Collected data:

===============

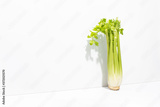 Fresh raw celery standing along the wall casting a shadow, minimalist healthy nutrition concept
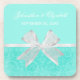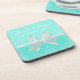 Wedding Announcement Chic Aqua Damask White Bow Coaster
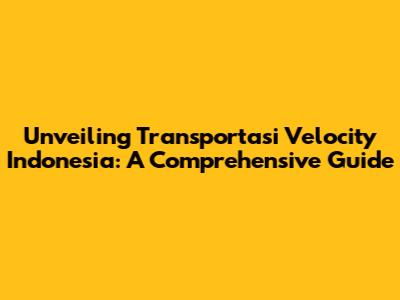Unveiling Transportasi Velocity Indonesia: A Comprehensive Guide
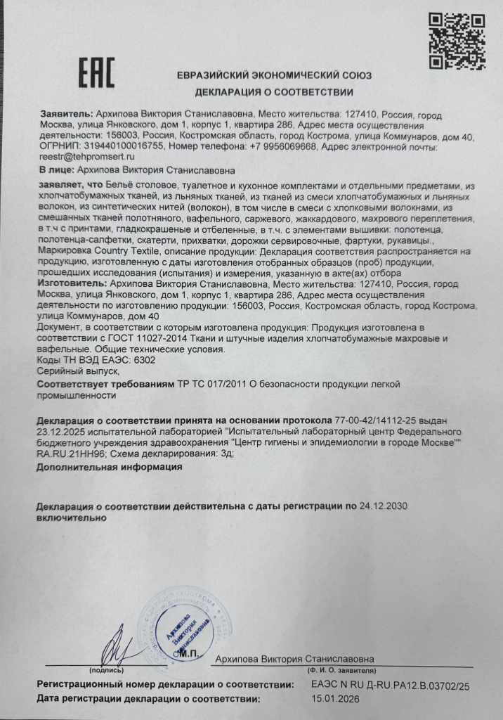 Настоящая политика обработки персональных данных составлена в соответствии с требованиями Федерального закона от 27.07.2006. №152-ФЗ «О персональных данных» и определяет порядок обработки персональных данных и меры по обеспечению безопасности персональных данных ИП Архипова В.С. ( далее- Countrytextile) .
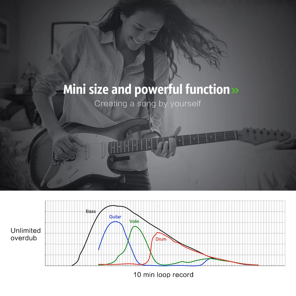 С записью (до 10 мин), overdub (неограниченное количество), отменить, переделать и удалить функции.
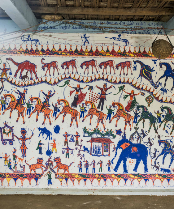 Pithora painting, a vibrant ritual folk art of Gujarat.
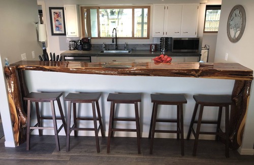 First floor of a 2-story house | 2 Bedrooms | 1 Reading Room (with daybed, trundle & writing desk) | 1 Bathroom | Full kitchen | Large LoveSactional sofa | 55" TV | Gorgeous hand-carved wood bar | Beautiful hand-made dining table featuring embedded maps of Zion National Park
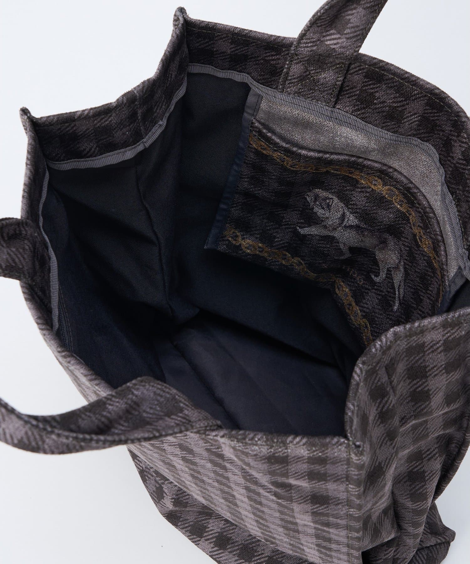 ■オリジナルのクラシカルなガンクラブチェックをプリントしたトートバッグ。

===============

◆ **TASK INSTRUCTIONS**:
Print all of the records shown above exactly, leaving out each picture.

◆ **PROBLEM SOLUTION**:
 Fresh raw celery standing along the wall casting a shadow, minimalist healthy nutrition concept
 Wedding Announcement Chic Aqua Damask White Bow Coaster
Unveiling Transportasi Velocity Indonesia: A Comprehensive Guide
 Настоящая политика обработки персональных данных составлена в соответствии с требованиями Федерального закона от 27.07.2006. №152-ФЗ «О персональных данных» и определяет порядок обработки персональных данных и меры по обеспечению безопасности персональных данных ИП Архипова В.С. ( далее- Countrytextile) .
 С записью (до 10 мин), overdub (неограниченное количество), отменить, переделать и удалить функции.
 Pithora painting, a vibrant ritual folk art of Gujarat.
 First floor of a 2-story house | 2 Bedrooms | 1 Reading Room (with daybed, trundle & writing desk) | 1 Bathroom | Full kitchen | Large LoveSactional sofa | 55" TV | Gorgeous hand-carved wood bar | Beautiful hand-made dining table featuring embedded maps of Zion National Park
 ■オリジナルのクラシカルなガンクラブチェックをプリントしたトートバッグ。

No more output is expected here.